REPUBLIKA.CO.ID, JAKARTA -- Kasus gangguan jiwa berat tidak terjadi begitu saja melainkan bermula dari masalah kesehatan jiwa yang tidak mendapatkan penanganan dalam waktu lama. Salah satu faktor penyebab keterlambatan ini ialah ketidaktahuan masyarakat dalam menghadapi anggota keluarga atau orang di sekitarnya yang mengalami masalah gangguan jiwa.
Pada dasarnya ada tiga faktor yang bisa menjadi 'kunci' bagi masyarakat untuk melihat apakah orang-orang di dekatnya ada yang memiliki masalah kesehatan jiwa. Ketua PP Persatuan Dokter Spesialis Kedokteran Jiwa Indonesia (PP-PDSKJI) dr Eka Viora SpKJ mengungkapkan bahwa ketiga kunci tersebut ialah perasaan, perilaku dan pikiran (3P).
"(Gangguan jiwa) Dapat dilihat ketika terjadi gangguan pada tiga hal ini, perasaan, perilaku dan pikiran," jelas Eka saat ditemui dalam Pekan Proyeksi Jiwa 2 di Universitas Katolik Indonesia Atma Jaya, Semanggi.
Lebih lanjut, Eka mengatakan gangguan dalam konteks gangguan jiwa ialah gangguan yang sampai menyebabkan masalah dalam fungsi sosial sehari-hari dari orang yang bersangkutan. Beberapa masalah dalam fungsi sosial sehari-hari yang mungkin timbul akibat gangguan pada perasaan, perilaku dan pikiran ini ialah masalah berinteraksi dan beradaptasi.

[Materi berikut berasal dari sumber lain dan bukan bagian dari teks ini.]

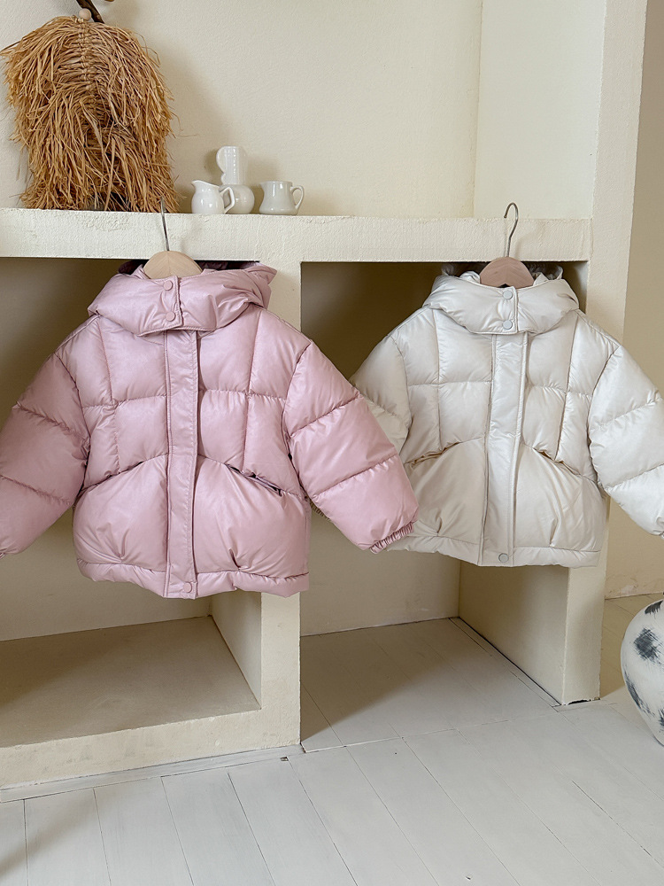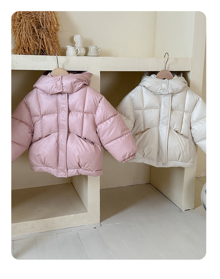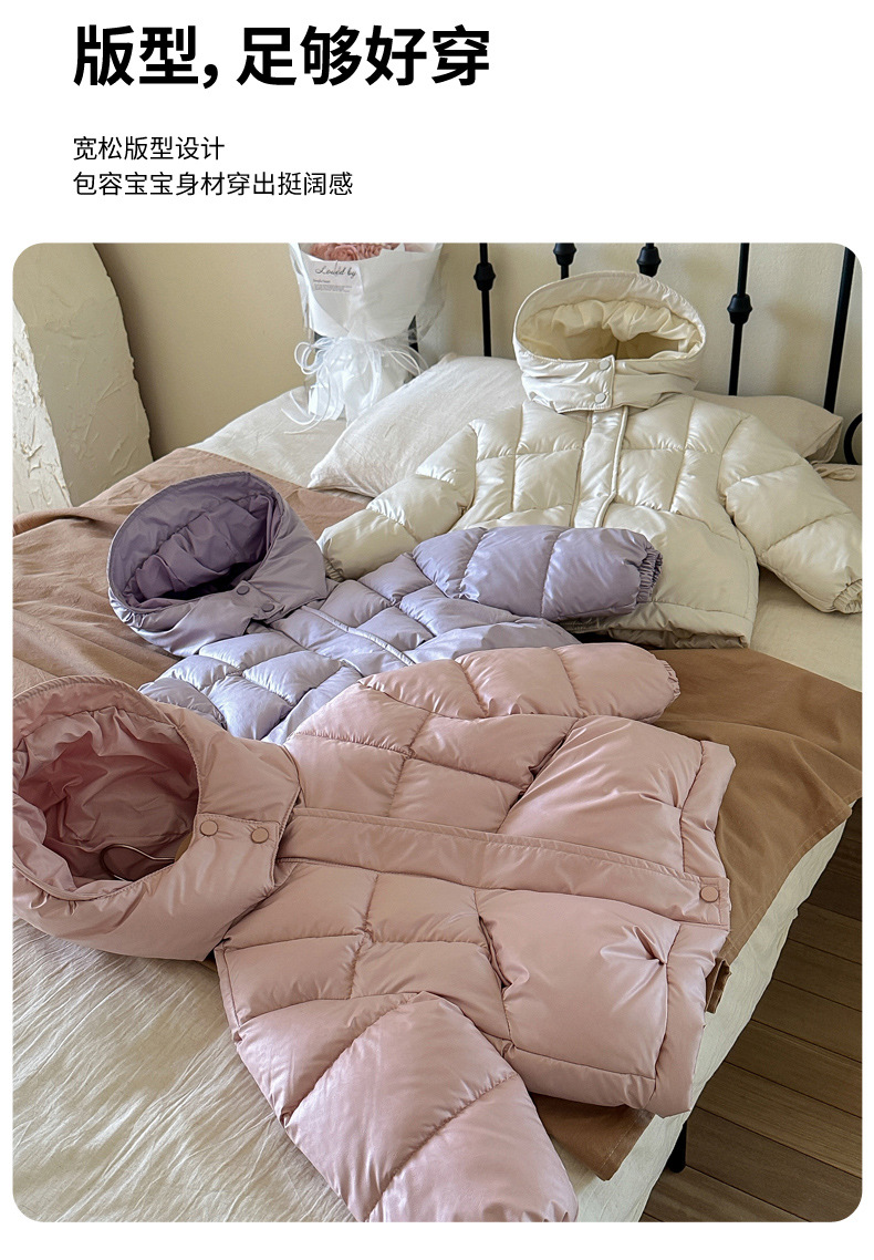 Модная куртка с капюшоном для девочек постарше 2025 Корейский стиль Модное зимнее теплое толстое хлопковое пальто для экспорта

Jika seseorang mengalami gangguan pada perasaan, perilaku dan pikiran namun tidak sampai mendapatkan masalah dalam menjalani fungsi sosialnya sehari-hari, maka hal tersebut masih dikategorikan normal dan bisa dialami siapa saja. Sebagai contoh, karyawan yang sedang bekerja dalam tekanan tenggat waktu akan merasakan gangguan berupa stres akan tetapi stres tersebut tidak sampai mengganggu fungsi sosial sehari-hari dari karyawan yang bersangkutan.
Di samping itu, Eka juga mengatakan gejala awal gangguan jiwa biasanya tidak langsung terlihat pada mental melainkan muncul sebagai gangguan psikosomatik. Gangguan psikomatik, lanjut Eka, merupakan keluhan fisik yang sebenarnya dilatarbelakangi oleh masalah psikis bukan fisik. Beberapa contoh gangguan psikomatik yang umum ditemukan ialah jantung berdebar, sakit kepala, hingga sakit maag.
"Gejala awal biasanya tidak ke mental, lebih kepada psikomatik. Ini yang biasanya diabaikan dan dianggap bukan masalah," kata Eka.
Jika masyarakat menemukan orang di dekatnya mulai menunjukkan gejala-gejala masalah kejiwaan ini, Eka menyarankan agar masyarakat yang sudah terlatih dapat memberikan psychological first aid atau pertolongan pertama dalam masalah kesehatan jiwa. Pertolongan pertama ini bertujuan agar orang yang menunjukkan gejala masalah kejiwaan dapat segera mengatasi situasi trauma atau krisis dengan baik sehingga tidak berkembang menjadi gangguan jiwa berat seperti PTSD ataupun depresi.